By the summer the Trans Thrive team hopes to expand the daily operating hours and also have the facility be open on weekends. It is only about a 10-minute walk from the nonprofit’s main clinic and offices a few blocks away on Polk Street and near its Community Living Room drop-in space on Ellis Street.
Outside of the Tenderloin
The new location is purposefully outside of the city’s Tenderloin, home to the Transgender District. An assessment Trans Thrive undertook last year to hear directly from its clients about what they wanted to see in the new facility revealed that many didn’t want to have to walk through the Tenderloin with its open-air drug dealing and people using drugs on the street in order to access it.
“They didn’t want to go too much further into the Tenderloin because of the drug use and harassment they have faced there,” noted Tatyana Moaton, Ph.D., a trans woman of color who conducted the assessment and is the health center’s senior strategy adviser based out of Chicago. “We looked at sites as far as the Castro but the clients were against that because of the harassment and stigma the trans community has faced there.”
The nonprofit health agency first launched Trans Thrive in 2006 and for years has sought to house it in its own facility. Last year, the biopharmaceutical company Gilead Sciences Inc. awarded it a $1.2 million two-year grant that helped pay for the assessment of Trans Thrive and finding a location for it.
The program has an annual budget of roughly $2.5 million. The agency signed a five-year lease for the Pine Street location, which costs $12,000 a month to lease.

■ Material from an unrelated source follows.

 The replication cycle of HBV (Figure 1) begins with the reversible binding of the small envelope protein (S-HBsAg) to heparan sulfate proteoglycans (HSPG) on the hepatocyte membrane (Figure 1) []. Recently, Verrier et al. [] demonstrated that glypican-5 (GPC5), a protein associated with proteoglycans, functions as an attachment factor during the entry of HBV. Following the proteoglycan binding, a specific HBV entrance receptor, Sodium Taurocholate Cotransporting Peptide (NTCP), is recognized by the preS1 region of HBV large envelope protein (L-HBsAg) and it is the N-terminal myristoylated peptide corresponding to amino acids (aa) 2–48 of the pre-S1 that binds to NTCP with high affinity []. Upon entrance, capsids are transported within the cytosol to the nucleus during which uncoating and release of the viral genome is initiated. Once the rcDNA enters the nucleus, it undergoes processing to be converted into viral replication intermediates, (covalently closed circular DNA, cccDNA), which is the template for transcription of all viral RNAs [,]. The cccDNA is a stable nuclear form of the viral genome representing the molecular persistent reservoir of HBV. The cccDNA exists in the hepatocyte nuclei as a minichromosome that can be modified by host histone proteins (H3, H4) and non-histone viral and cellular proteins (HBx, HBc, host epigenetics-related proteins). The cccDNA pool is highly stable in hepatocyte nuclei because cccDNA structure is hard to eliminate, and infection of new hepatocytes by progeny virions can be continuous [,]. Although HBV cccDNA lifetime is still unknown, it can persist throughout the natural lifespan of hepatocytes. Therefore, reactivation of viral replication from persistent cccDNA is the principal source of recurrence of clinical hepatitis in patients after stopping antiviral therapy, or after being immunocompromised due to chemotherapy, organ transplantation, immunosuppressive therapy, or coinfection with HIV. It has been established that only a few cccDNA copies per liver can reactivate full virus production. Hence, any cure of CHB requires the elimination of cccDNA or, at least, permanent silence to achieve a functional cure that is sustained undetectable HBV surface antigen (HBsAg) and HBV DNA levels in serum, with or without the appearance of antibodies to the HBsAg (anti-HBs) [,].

“It’s unbelievable and so joyful for me to be a part of it,” said Lance Toma, a gay man who is the nonprofit’s longtime CEO. “It represents a place of refuge and sanctuary for trans people so they can be able to realize their potential, hopes and dreams.”
Mattingly came to Trans Thrive in order to meet trans people in the city and make new friends. Her partner is in the military and stationed overseas, so she felt a bit isolated at being in a new city. Although her first engagement with the program was via a virtual support group, it left a lasting impression.

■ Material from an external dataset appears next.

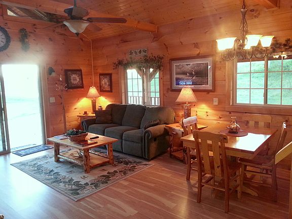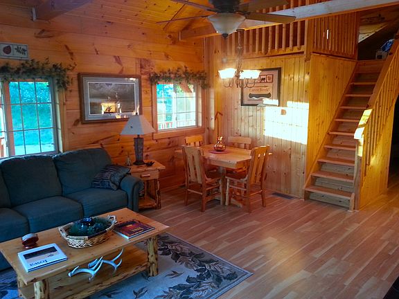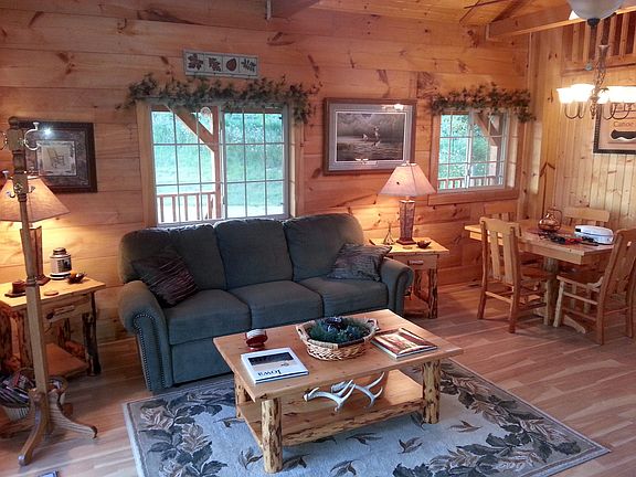 As you approach the cabin we call Burr Oak Hideaway, you will not want to alarm the birds or the deer that make this part of Deer Tracks their home. Set on the edge of a hill, you will be overlooking a huge burr oak tree that serves as a gateway to the wooded glen below. Whether you spy on this part of creation through the patio doors located in both your bedroom and living room- or from a full length screened in porch- you will find it easy to blend into this tree level hideaway. Retreat, relax and restore yourselves in this storybook setting. Private 4 Acre lake with dock below.Inside Burr Oak Hideaway you will find:? Utensils, pots and pans for cooking?Tastefully, fully decorated cabin theme w. special lighting? Living room with a Queen Sofa- with built in recliners? Amish built TV Stand with TV and DVD player? Rustic Pine LR End Tables and Coffee Table? Amish built dining table and chairs? Electric stove, refrigerator, and microwave? Lower bedroom with Queen size bed and built-in closets? Single lofted cabin with Queen size bed (comes with built in drawers)? Double Hickory rocker? Large bathroom with shower? Insulated floors and ceilings? Utilities include: LP Gas, forced air furnace and wood burning rustic stove in LR and 40-gallon hot water heater15 minutes from Prairie du Chien, WI, restaurants, Cabelas, and shopping40 min to DecorahOwner pays electric, gas, cable, and snowplowing

“Just seeing everyone and being able to talk to other girls in that support group, I wanted to do more,” recalled Mattingly. “I asked if I could volunteer and have been doing that ever since.”
She has especially enjoyed being able to talk to trans elders in the community.
“It is interesting to hear how they managed the journey of their life without a resource like this,” said Mattingly.
Attending the new center’s ribbon cutting was District 3 Supervisor Aaron Peskin, currently president of the Board of Supervisors, as it is located within his district. Noting the Polk Gulch neighborhood’s long history as being an LGBTQ neighborhood, Peskin said he wasn’t offering “a welcome” but “a welcome back” to the facility’s staff and clients.
Its opening also served as a reminder, added Peskin, that the city’s initiative to end trans homelessness by 2027 “is achievable.”
Pau Crego, director of the city’s Office of Transgender Initiatives, noted how the opening of the new facility contrasts with the legislative steps being taken in states across the country to strip trans and gender-nonconforming people of their rights and restrict their access to gender-affirming care, particularly for youth.
“In our country we do need spaces like this,” said Crego, a queer transmasculine immigrant. “We see the violence happening to people around the country. Spaces like this are truly lifesaving now and will continue to be lifesaving for our community.”
Also noting the attacks on trans rights being led by conservative lawmakers and groups, Calma hoped the opening of the new facility could help refocus attention on what is possible to achieve for the betterment of the trans community.
“Let’s change the narrative,” said Calma. “Let’s focus on everything we aspire for.”